- Materials provided
***
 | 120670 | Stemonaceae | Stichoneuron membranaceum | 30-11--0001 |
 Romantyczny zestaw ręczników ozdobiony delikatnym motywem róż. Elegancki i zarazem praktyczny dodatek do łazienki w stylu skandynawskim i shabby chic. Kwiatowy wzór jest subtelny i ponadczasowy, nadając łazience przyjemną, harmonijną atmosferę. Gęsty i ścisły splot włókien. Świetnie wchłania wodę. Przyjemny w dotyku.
***
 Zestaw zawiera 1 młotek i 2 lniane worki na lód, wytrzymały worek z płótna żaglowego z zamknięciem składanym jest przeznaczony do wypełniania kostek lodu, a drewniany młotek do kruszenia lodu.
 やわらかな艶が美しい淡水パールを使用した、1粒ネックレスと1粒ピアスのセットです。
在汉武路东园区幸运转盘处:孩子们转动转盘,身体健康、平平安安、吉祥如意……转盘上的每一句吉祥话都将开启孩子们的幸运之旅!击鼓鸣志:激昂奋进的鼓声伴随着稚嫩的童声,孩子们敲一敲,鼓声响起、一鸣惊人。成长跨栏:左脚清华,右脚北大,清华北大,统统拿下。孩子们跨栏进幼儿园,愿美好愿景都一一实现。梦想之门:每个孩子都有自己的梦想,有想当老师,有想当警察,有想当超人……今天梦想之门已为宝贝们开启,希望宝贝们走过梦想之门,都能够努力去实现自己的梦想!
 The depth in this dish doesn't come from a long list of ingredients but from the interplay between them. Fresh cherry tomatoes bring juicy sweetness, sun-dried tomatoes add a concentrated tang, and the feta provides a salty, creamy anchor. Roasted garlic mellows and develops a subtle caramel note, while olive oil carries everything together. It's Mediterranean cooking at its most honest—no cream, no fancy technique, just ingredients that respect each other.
***
- Aim of the exercise
Reproduce verbatim only the segment of the listing bounded by the line containing "membranaceum | 30-11--0001 |" and the line containing "Romantyczny zestaw ręczników", with both boundary lines included.

- Result of this task
 | 120670 | Stemonaceae | Stichoneuron membranaceum | 30-11--0001 |
 Romantyczny zestaw ręczników ozdobiony delikatnym motywem róż. Elegancki i zarazem praktyczny dodatek do łazienki w stylu skandynawskim i shabby chic. Kwiatowy wzór jest subtelny i ponadczasowy, nadając łazience przyjemną, harmonijną atmosferę. Gęsty i ścisły splot włókien. Świetnie wchłania wodę. Przyjemny w dotyku.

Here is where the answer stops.